# Import Libraries

In [None]:
from __future__ import print_function
import torch
import torch.nn as nn
import torch.nn.functional as F
import torch.optim as optim
from torchvision import datasets, transforms

## Data Transformations

We first start with defining our data transformations. We need to think what our data is and how can we augment it to correct represent images which it might not see otherwise.


In [None]:
# Train Phase transformations
train_transforms = transforms.Compose([
                                       transforms.RandomRotation((-7.0, 7.0), fill=(1,)),
                                       transforms.ToTensor(),
                                       transforms.Normalize((0.1307,), (0.3081,))
                                       ])

# Test Phase transformations
test_transforms = transforms.Compose([
                                       transforms.ToTensor(),
                                       transforms.Normalize((0.1307,), (0.3081,))
                                       ])

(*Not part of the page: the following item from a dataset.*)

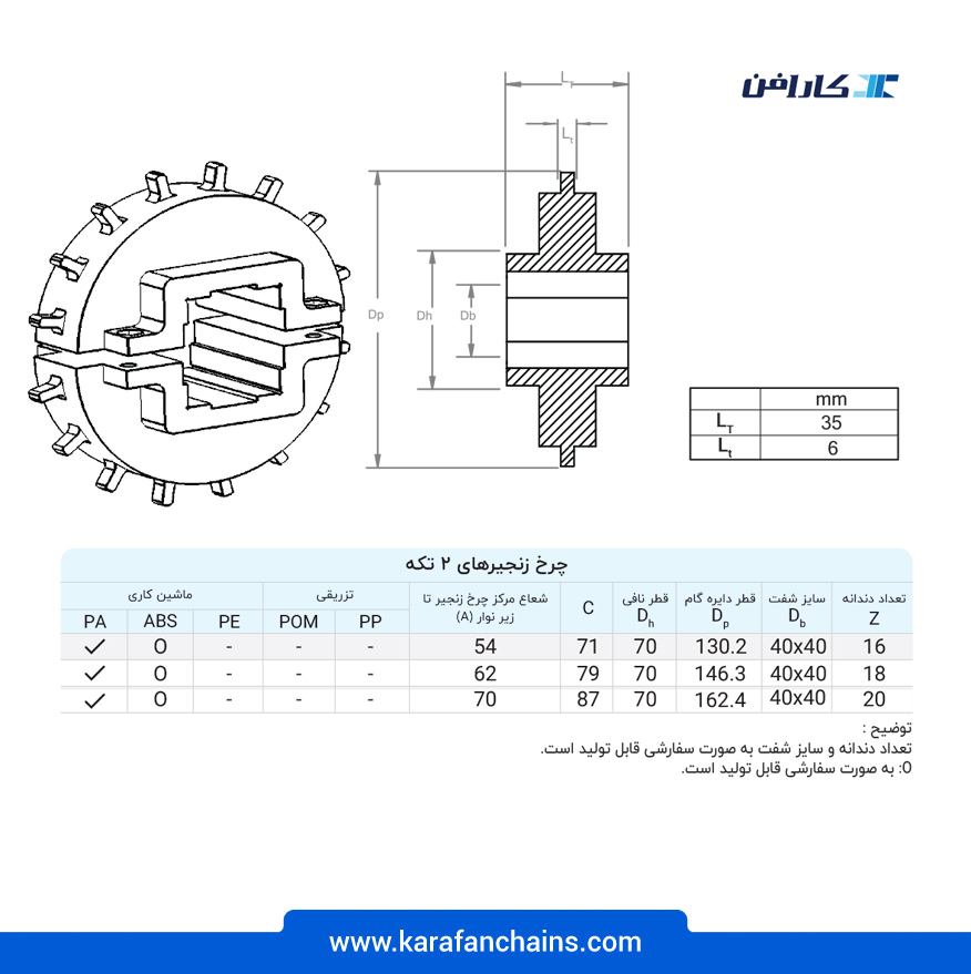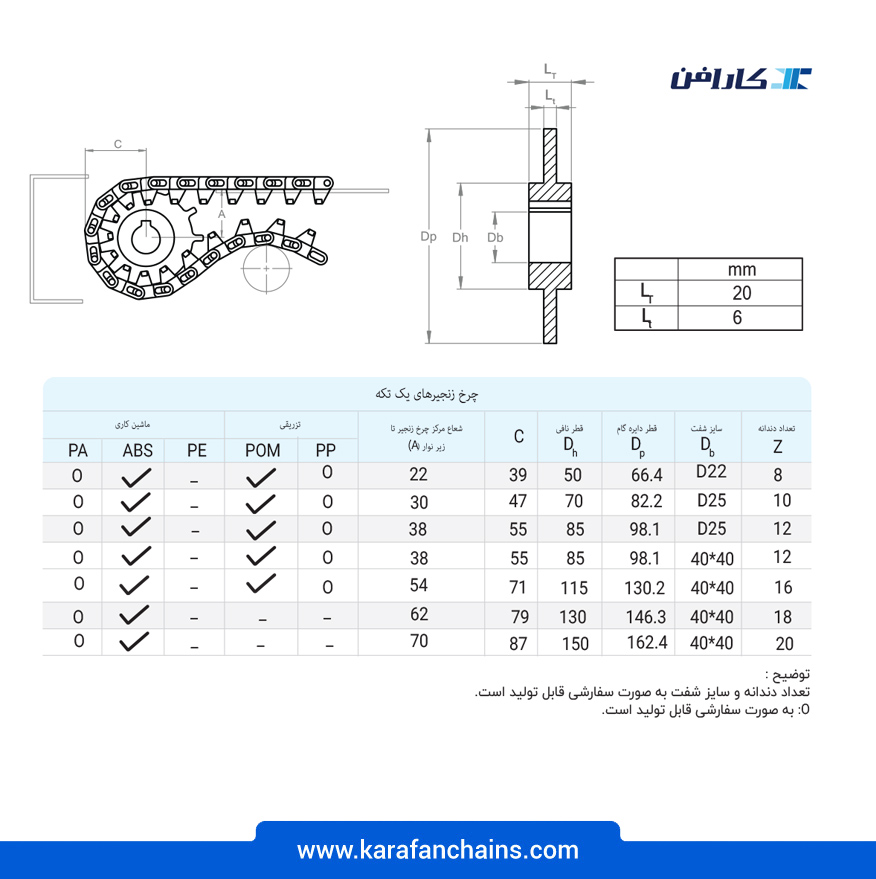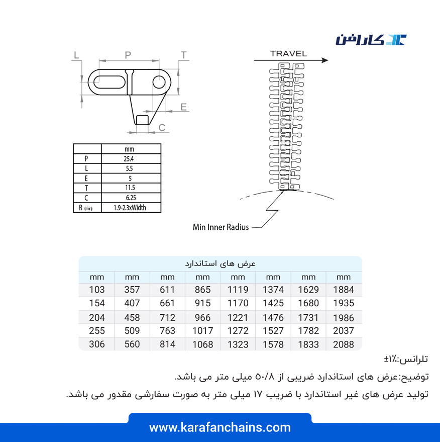 | جدول مشخصات فنی تسمه مدولار چرخشی ( اسپیرال ) گام 1 اینچ قلابدار | |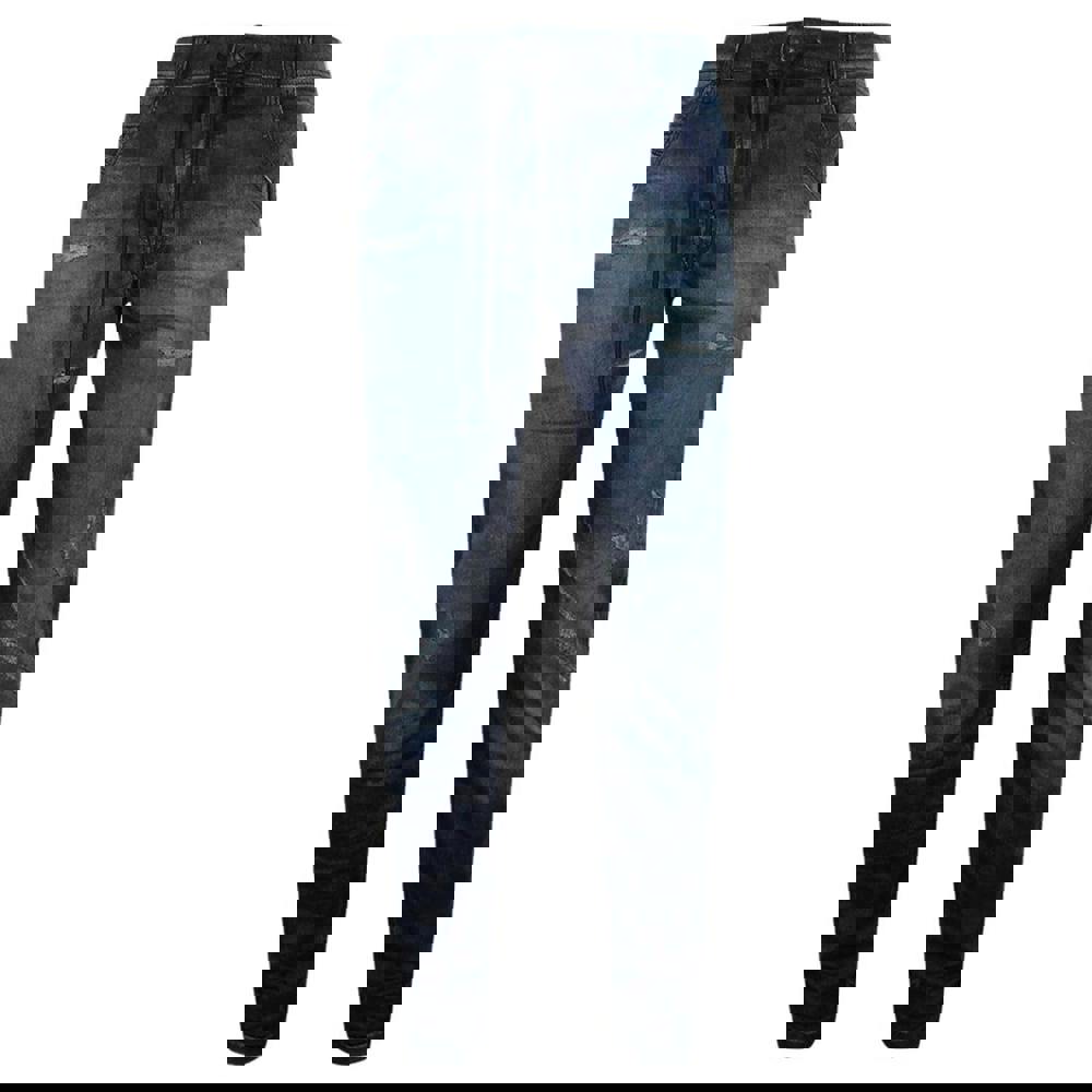 These Diesel Krooley CB NE jeans come in blue with a plain finish and ripped detailing. Made from a cotton-rich blend with added polyester and elastane, they use stretch fabric for ease of movement. The joggers style silhouette is paired with belt loops for styling with a belt.

# Dataset and Creating Train/Test Split

In [None]:
train = datasets.MNIST('./data', train=True, download=True, transform=train_transforms)
test = datasets.MNIST('./data', train=False, download=True, transform=test_transforms)

# Dataloader Arguments & Test/Train Dataloaders


In [None]:
SEED = 1

# CUDA?
cuda = torch.cuda.is_available()
print("CUDA Available?", cuda)

# For reproducibility
torch.manual_seed(SEED)

if cuda:
    torch.cuda.manual_seed(SEED)

# dataloader arguments - something you'll fetch these from cmdprmt
dataloader_args = dict(shuffle=True, batch_size=128, num_workers=4, pin_memory=True) if cuda else dict(shuffle=True, batch_size=64)

# train dataloader
train_loader = torch.utils.data.DataLoader(train, **dataloader_args)

# test dataloader
test_loader = torch.utils.data.DataLoader(test, **dataloader_args)

CUDA Available? True


# The model
Let's start with the model we first saw

In [None]:
from models import model_v3 

# Model Params
Can't emphasize on how important viewing Model Summary is.
Unfortunately, there is no in-built model visualizer, so we have to take external help

In [None]:
!pip install torchsummary
from torchsummary import summary
use_cuda = torch.cuda.is_available()
device = torch.device("cuda" if use_cuda else "cpu")
print(device)
model = model_v3().to(device)
summary(model, input_size=(1, 28, 28))

Looking in indexes: https://pypi.org/simple, https://us-python.pkg.dev/colab-wheels/public/simple/
cuda
----------------------------------------------------------------
        Layer (type)               Output Shape         Param #
            Conv2d-1           [-1, 16, 26, 26]             144
              ReLU-2           [-1, 16, 26, 26]               0
       BatchNorm2d-3           [-1, 16, 26, 26]              32
            Conv2d-4           [-1, 20, 24, 24]           2,880
              ReLU-5           [-1, 20, 24, 24]               0
       BatchNorm2d-6           [-1, 20, 24, 24]              40
            Conv2d-7           [-1, 10, 24, 24]             200
         MaxPool2d-8           [-1, 10, 12, 12]               0
            Conv2d-9           [-1, 10, 12, 12]             900
             ReLU-10           [-1, 10, 12, 12]               0
      BatchNorm2d-11           [-1, 10, 12, 12]              20
          Dropout-12           [-1, 10, 12, 12]               0

# Training and Testing

All right, so we have 24M params, and that's too many, we know that. But the purpose of this notebook is to set things right for our future experiments.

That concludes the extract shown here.